See, I've been through the Holocaust Museum. With my parents, incidentally. And I lived in Germany for a year and a half. When my parents came to visit, we went to Dachau, seriously casting a pall on the rest of the day. My parents and I went to Israel for a couple of weeks in, what, 2001? I think. Right after the kerfuffle with Sharon on the Temple Mount. We actually declined to see the Holocaust Museum in Jerusalem -- were embarrrassed to explain this to our Jewish guide, but -- and here's my point -- when is enough, enough? I have processed and experienced and wept and grieved for this situation. It defies words, the hatred and lack of -- humanity it would take to order, or carry out, these acts. But when can we as individuals vow to do our parts to not let this sort of atrocity happen again, and allow ourselves to move on from that point? I guess when we feel strongly enough to rant about it on our blogs. I did catch some points that hadn't really stuck before -- details about how Hitler came to power, how very much of the world the Nazis actually controlled at their height, stuff like that. And, I suppose, as we grow and change, different elements of the story will hit us in different ways. For example, the window that dealt with the elimination of handicapped and mentally retarded children (incidentally, read this) got me the most this time around. I hadn't remembered that part. And now that I'm a mom, I think about stuff like the women in one story who were breastfeeding their infants on the cattle car on the way to Treblinka or Auchwitz who had no water for two or three days, and who were constantly calling for water. It's small stuff -- stuff I can relate to, like how dang thirsty and hungry a nursing mother is -- and the cruelty of those who don't see these people as human, or valuable -- that hits me at the core. Perhaps it's time to research and be indignant about a new atrocity.
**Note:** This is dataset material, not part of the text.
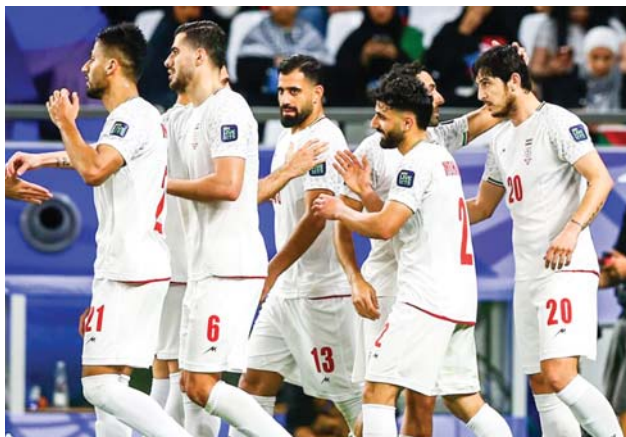
تیم ملی ایران آماده است تا با شکست ستگین امارات، روز بد هنگ‌کنگ را جبران کند.
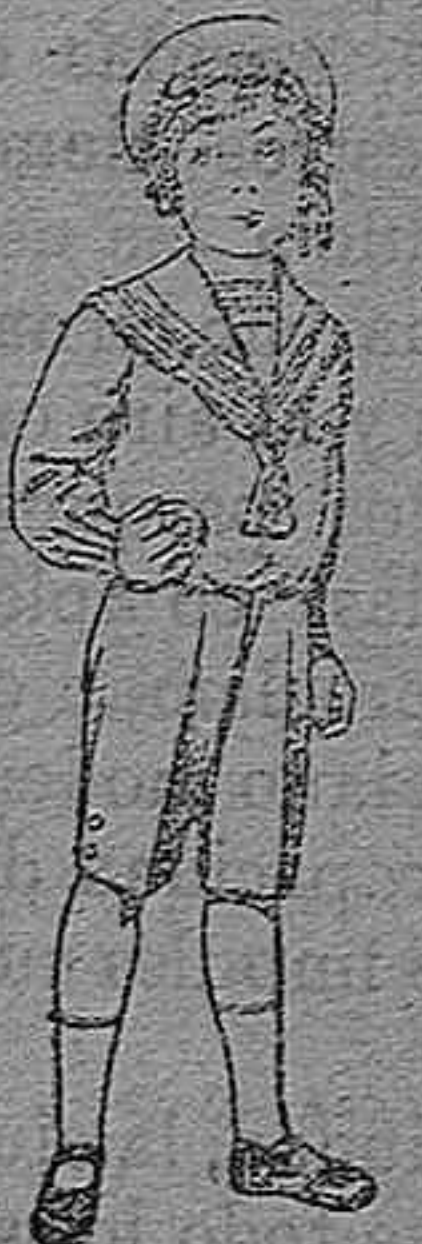
Trajes marineros de vicuña azul, para niños de 4 á 9 años. Pt. 6 á 20

So my uncle wanted to do another 3 1/2-hour-tour through the museum, and after that cheeriness, we went up the Washington Monument (had timed tickets) and then we had lunch at about 3:30. Yipe! The Monument was kind of a letdown for the simple reason that the windows were so danged small. I guess, since I've never noticed them from the ground, I should have expected that. I got a photo of the red lights that blink to warn planes away from the inside to show my parents -- one of them (mom?) says it reminds her of the Evil Eye of Sauron. They're actually kinda small themselves. One fun Monument fact -- no mortar was used to hold the bricks together. Purely gravity pulling at their sheer weight. (used on the outside to keep out moisture) Knowing that sure makes you want to shoot up that 500-foot elevator in what felt like fairly high winds. Or not.
This is getting ridiculously long, so I'll wrap up. An entertaining visit. The best moment was when my aunt and uncle were concerned that Matt might be an alcoholic because of the various bottles of booze on the counter. (one of rum, one of tequila and one we haven't opened that friends brought us back from Costa Rica -- oops, sorry Mike and Stacy, we'll get to it!) I neglected to point out that Matt has used the rum once or twice in about four months, and I'm the only one who has the tequila... Heh. Fortunately, this occurred at about quarter to midnight, and my sole focus at that point was in ending the conversation so that I might get a few hours of sleep. Thank the Lord that Lizzy didn't wake up in the middle of the night. She's so weird. The colder it is, the better she sleeps, I think.
Have a great week, everybody. It sure is pretty out there.